Suitable film-forming polymers include natural polymers such as polysaccharides or proteins and synthetic polymers such as polyesters, polyacrylics, polyurethanes, vinyl polymers, polysulfonates, polyureas, polyoxazolines, and the like. Specific examples of film-forming polymers include, for example, acrylic homopolymers or copolymers with hydrophobic groups such as Acrylates/Octylacrylamide Copolymer including DERMACRYL 79 available from Akzo Chemical of Bridgewater, N.J.; Acrylates/Dimethicone Acrylate Copolymer available as X-22-8247D from Shin-Etsu of Japan; Hydrogenated Dimer Dilinoleyl/Dimethylcarbonate Copolymer, available from BASF Corp. as COSMEDIA DC; copolymer of vinylpyrrolidone and a long-chain alpha-olefin, such as those commercially available from Ashland Specialty Ingredients as GANEX V220; vinylpyrrolidone/tricontanyl copolymers available as GANEX WP660 also from Ashland; water-dispersible polyesters, including sulfopolyesters such those commercially available from Eastman Chemical as EASTMAN AQ 38S. In certain embodiments, the film-forming polymer is water insoluble, but is rendered soluble upon exposure to alkalinity in order to facilitate removal from the skin upon washing with soap.

The amount of film-forming polymer present in the composition may be from about 0.25% to about 15%, or from about 0.5% to about 10%, or from about 1% to about 3%.

Suitable emollients include mineral oils, petrolatum, vegetable oils (e.g. triglycerides such as caprylic/capric triglyceride), waxes and other mixtures of fatty esters, including but not limited to esters (e.g., isopropyl palmitate, isopropyl myristate, diisopropyl adipate, dibutyl adipate, dicaprylyl carbonate, C12-15 alkyl benzoate), silicone oils such as dimethicone, and alkanes such as isohexadecane.

Examples of suitable solvents include propylene glycol, 1,3-propanediol, butylene glycol, polyethylene glycol, polypropylene glycol, glycerol, 1,2,4-butanetriol, sorbitol esters, 1,2,6-hexanetriol, ethanol, isopropanol, and mixtures thereof.
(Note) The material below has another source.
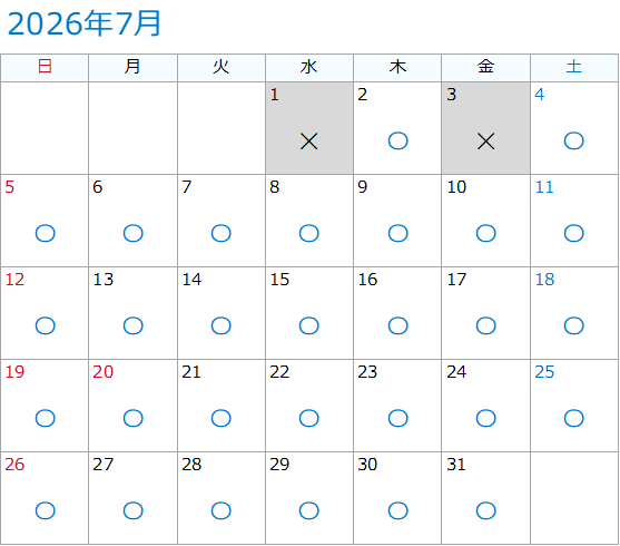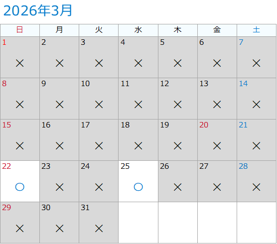 以下、空き状況は2026年3月10日17:00時点の状況です。実際の空き状況と異なる場合がございます。また、売り切れとなった日程が予告なく再販となる場合がございます。あらかじめご了承ください。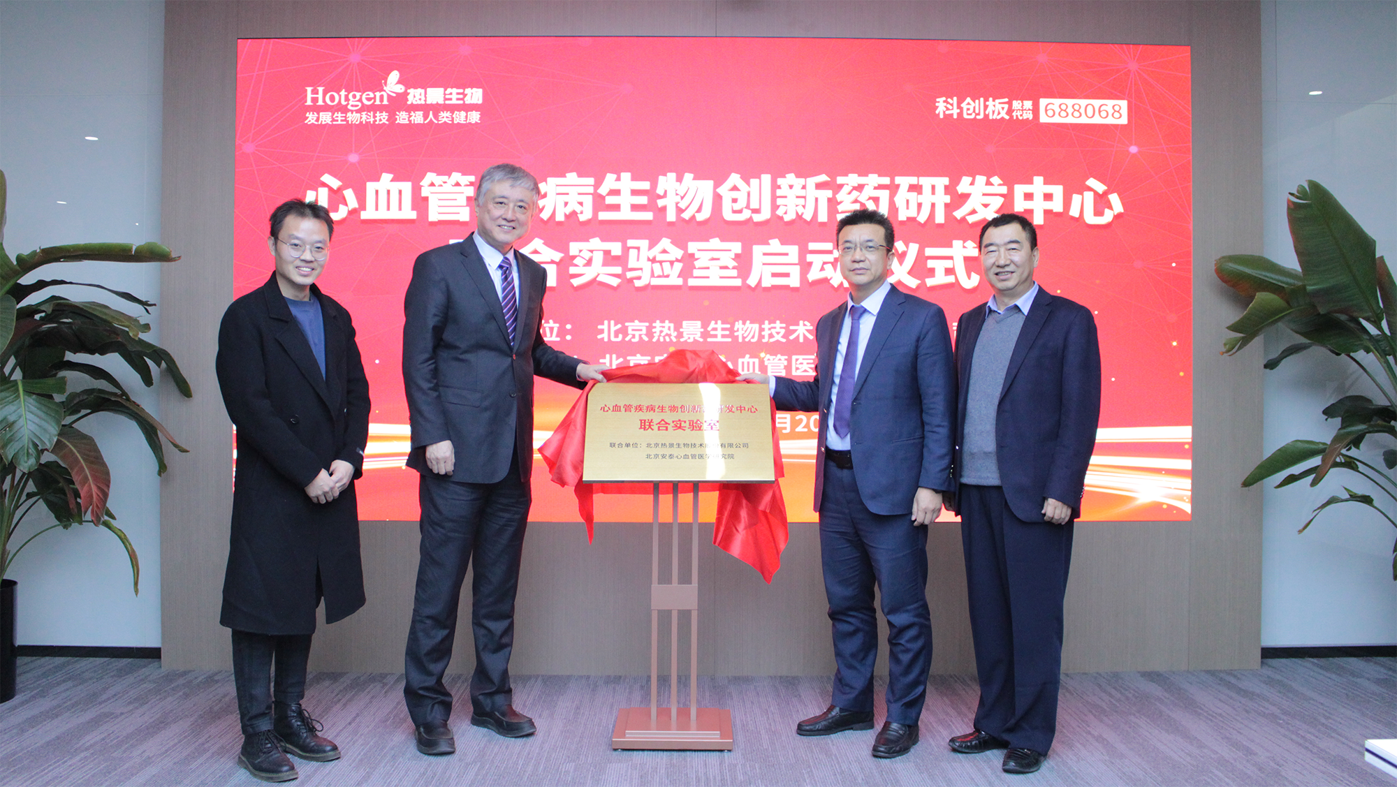 2023年11月20日,北京熱景生物技術(shù)股份有限公司董事長兼總裁林長青先生、北京安泰心血管醫(yī)學(xué)研究院院長杜杰教授、北京舜景生物醫(yī)藥技術(shù)有限公司總經(jīng)理孫志偉教授共同為“心血管疾病生物創(chuàng)新藥研發(fā)中心聯(lián)合實驗室”揭牌,這是一場具有里程碑意義的啟動儀式,標(biāo)志著熱景生物及其關(guān)聯(lián)公司在安泰心血管研究院的加持下,聚焦心血管疾病從診斷到治療的研發(fā)進入快速發(fā)展階段。

In certain embodiments, the composition includes a pigment suitable for providing color or hiding power. The pigment may be one suitable for use in a color cosmetic product, including compositions for application to the hair, nails and/or skin, especially the face. Color cosmetic compositions include, but are not limited to, foundations, concealers, primers, blush, mascara, eyeshadow, eyeliner, lipstick, nail polish and tinted moisturizers. The pigment suitable for providing color or hiding power may be composed of iron oxides, including red and yellow iron oxides, titanium dioxide, ultramarine and chromium or chromium hydroxide colors, and mixtures thereof. The pigment may be a lake pigment, e.g. an organic dye such as azo, indigoid, triphenylmethane, anthraquinone, and xanthine dyes that are designated as D&C and FD&C blues, browns, greens, oranges, reds, yellows, etc., precipitated onto inert binders such as insoluble salts. Examples of lake pigments include Red #6, Red #7, Yellow #5, Violet #2 and Blue #1. The pigment may be an interference pigment. Examples of interference pigments include those containing mica substrates, bismuth oxycloride substrates, and silica substrates, for instance mica/bismuth oxychloride/iron oxide pigments commercially available as CHROMALITE pigments (BASF), titanium dioxide and/or iron oxides coated onto mica such as commercially available FLAMENCO pigments (BASF), mica/titanium dioxide/iron oxide pigments including commercially available KTZ pigments (Kobo products), CELLINI pearl pigments (BASF), and borosilicate-containing pigments such as REFLECKS pigments (BASF).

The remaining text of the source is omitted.